The other dimension of the book detailed the social, political and economic sides of the megafire story, with a large portion dedicated to the initial colonization of our country as well as the genocide and other atrocities that have taken place against the indigenous community for hundreds of years. It's an aspect of American history that is sadly neglected in most textbooks and definitely needs to be brought to light. Jordan did this in a very skillful and powerful way and I felt very moved as I read those chapters. He also wrote about the methods that the indigenous people practice to live in harmony with the land, and the burning and stewardship practices that they use, that are so much better than the strategies that are currently being use.

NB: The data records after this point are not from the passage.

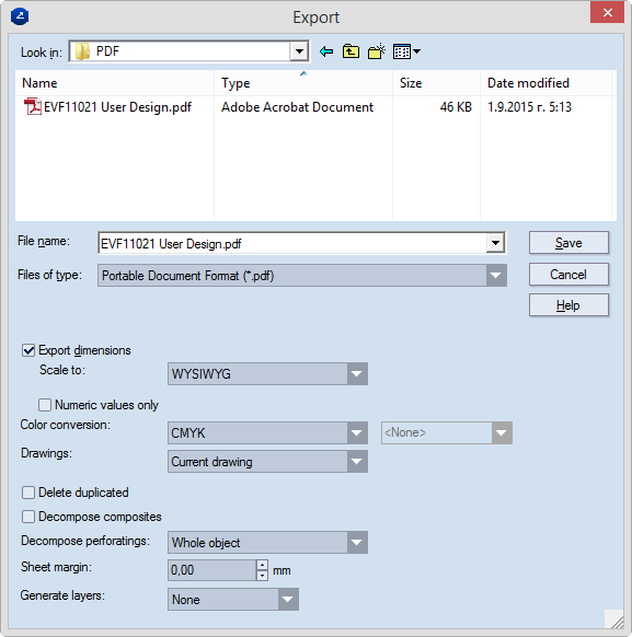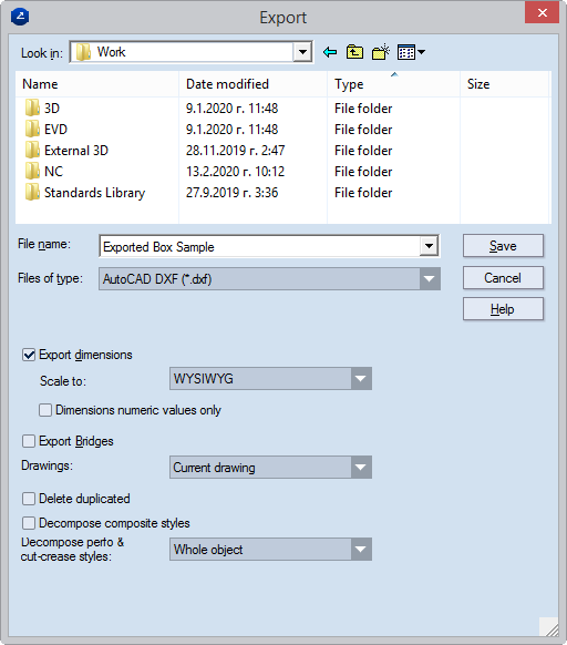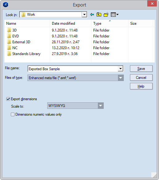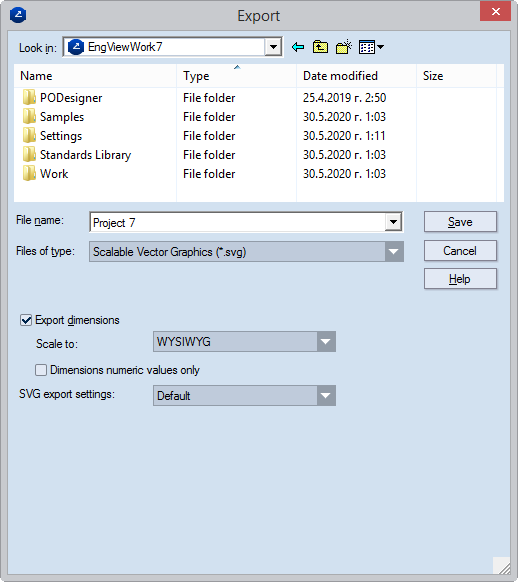 Export dimensions When the check box is selected, custom settings can be made to how dimension lines are exported. Normally how dimension lines are exported is set in the drawing's own properties. If a project contains at least one drawing that has no preset dimensions scaling factor, the Scale to list becomes available, in which a scaling option can be set for the dimension lines in the entire project.
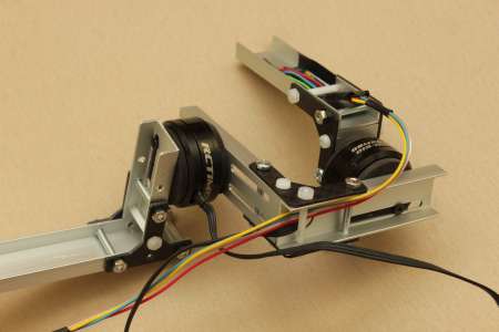 Dann mussten die Teile mit den Motoren nurnoch zusammengeschraubt werden. Die IMU wird im inneren des Aluprofils aufgeklebt, auf dem die Kamera nachher sitzt. Die Kabel von der IMU zum Controller müssen sehr flexibel sein, da sich sonst das Gimbal nicht ausbalancieren lässt.
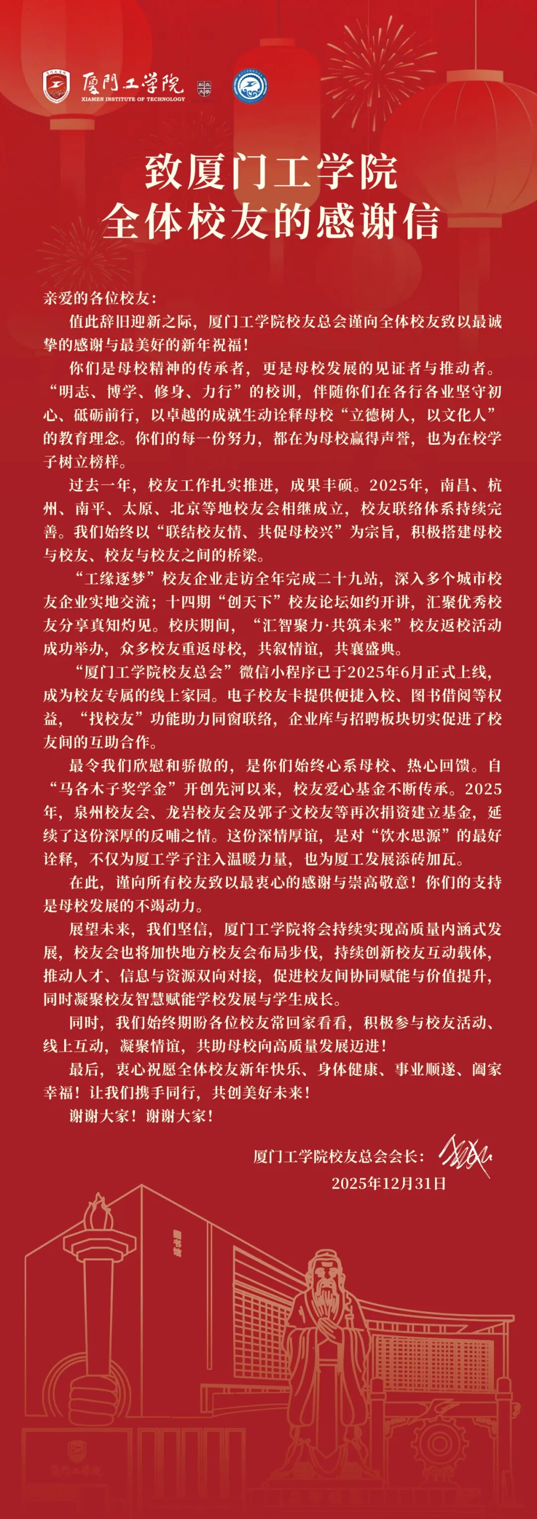 时光荏苒,值此辞旧迎新之际,厦门工学院李雄虎副董事长、执行校长、校友总会会长谨代表校友总会,向全体校友送上最诚挚的感谢与新年祝福,一封感谢信,道尽母校与校友间的深情联结。
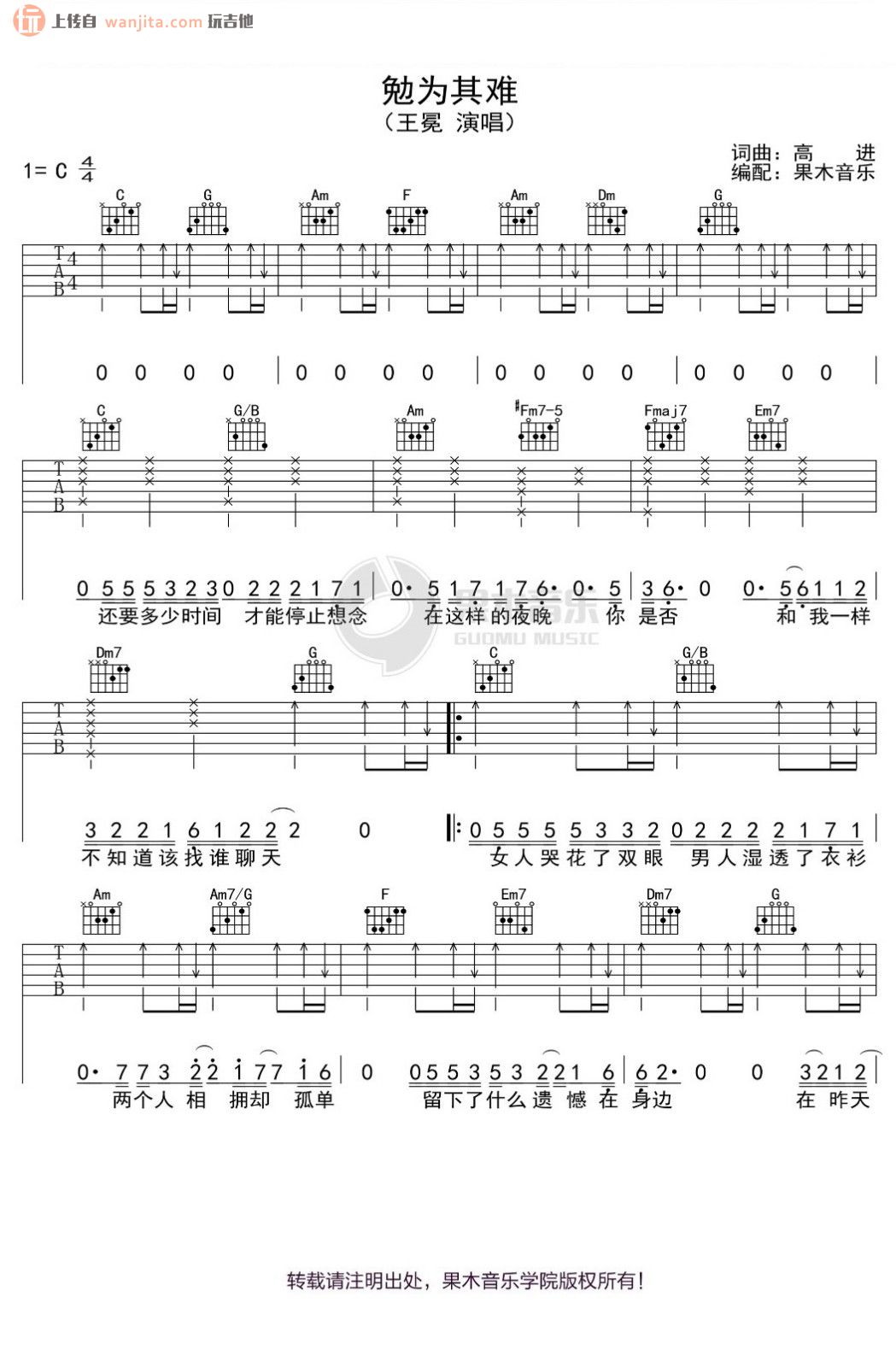 勉为其难吉他谱 - 王冕 - C调吉他弹唱谱 - 原版
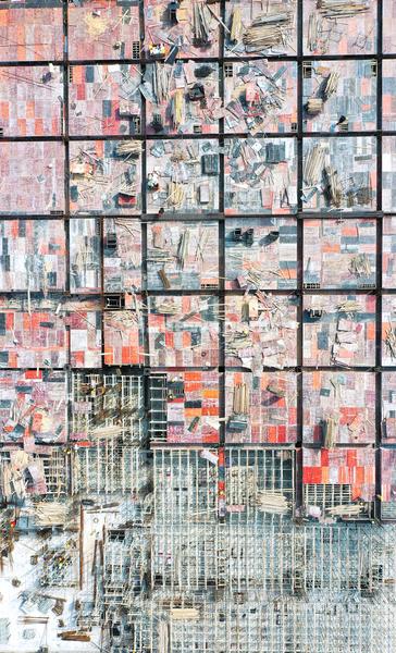 2022年3月2日,江西省赣州市蓉江新区,赣州市全民健身中心项目工地,工人在进行体育场主体结构收尾施工。
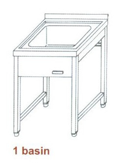 Nagykonyhai mosogató 1 medencés, 70x70x30 cm medenceméret, rozsdamentes
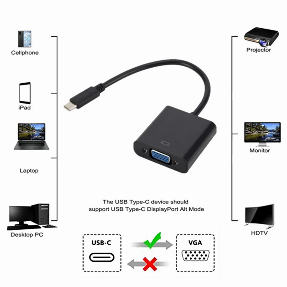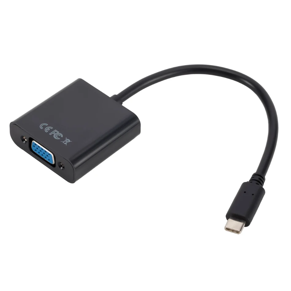 Especificaciones: Conector 1: USB 3,1 tipo C Conector 2: adaptador VGA Clasificación del Cable: USB 3,1 de alta velocidad, velocidad de transferencia de datos de hasta 10Gbps. Enchufe: acero niquelado, terminales chapados en oro 3U Material exterior del molde: PVC Peso del producto: 30g

Jordan further delved into the government policies that have been shaping our management of forest fires for years. He explained very clearly how the key stakeholders, from high-ranking government officials to businesses, that are all about profit but have little care about the long-term effects of their practices, have decided and influenced public forest policies. With the current trend in wildfires, both in size and intensity, it's very clear that our government management/business practices of treating wildfires as a 'battle to be won' have completely failed. Jordan shared what can be done to return our forests to a healthier state, and in time reverse the trend of wildfires to destroy more and more acreage, properties and lives.
My hope is that many people will read this book and that it will open their eyes to how we got where we are, and also their minds (especially those in policy making positions) on how to turn the tide as a nation with our current wildfire crisis.

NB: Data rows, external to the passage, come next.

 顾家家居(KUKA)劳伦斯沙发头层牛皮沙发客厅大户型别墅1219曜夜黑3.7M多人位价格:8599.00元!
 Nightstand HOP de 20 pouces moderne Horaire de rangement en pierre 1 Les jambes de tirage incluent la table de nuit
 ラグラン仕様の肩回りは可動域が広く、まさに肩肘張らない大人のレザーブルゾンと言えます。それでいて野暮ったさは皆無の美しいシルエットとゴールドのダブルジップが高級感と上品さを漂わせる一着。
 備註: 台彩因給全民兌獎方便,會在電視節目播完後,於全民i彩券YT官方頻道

Through news feeds this past year we witnessed devastating California fires that destroyed parts of Los Angeles. Causes and finger pointing will continue for years to come and Author Jordan Thomas offers a first-hand narrative of what it is like to be on the front lines of forest firefighting. Thomas spent six months around the time of COVID as a Los Padres Hotshot battling flames with chainsaws, hoes and their strength, often working days without sleep. Thomas also includes commentary on climate crisis and its political denial. Interesting parts of the narrative are centered on Indigenous peoples’ use of fire to control the environment and regenerate the land. Timely and important this work can be considered essential reading.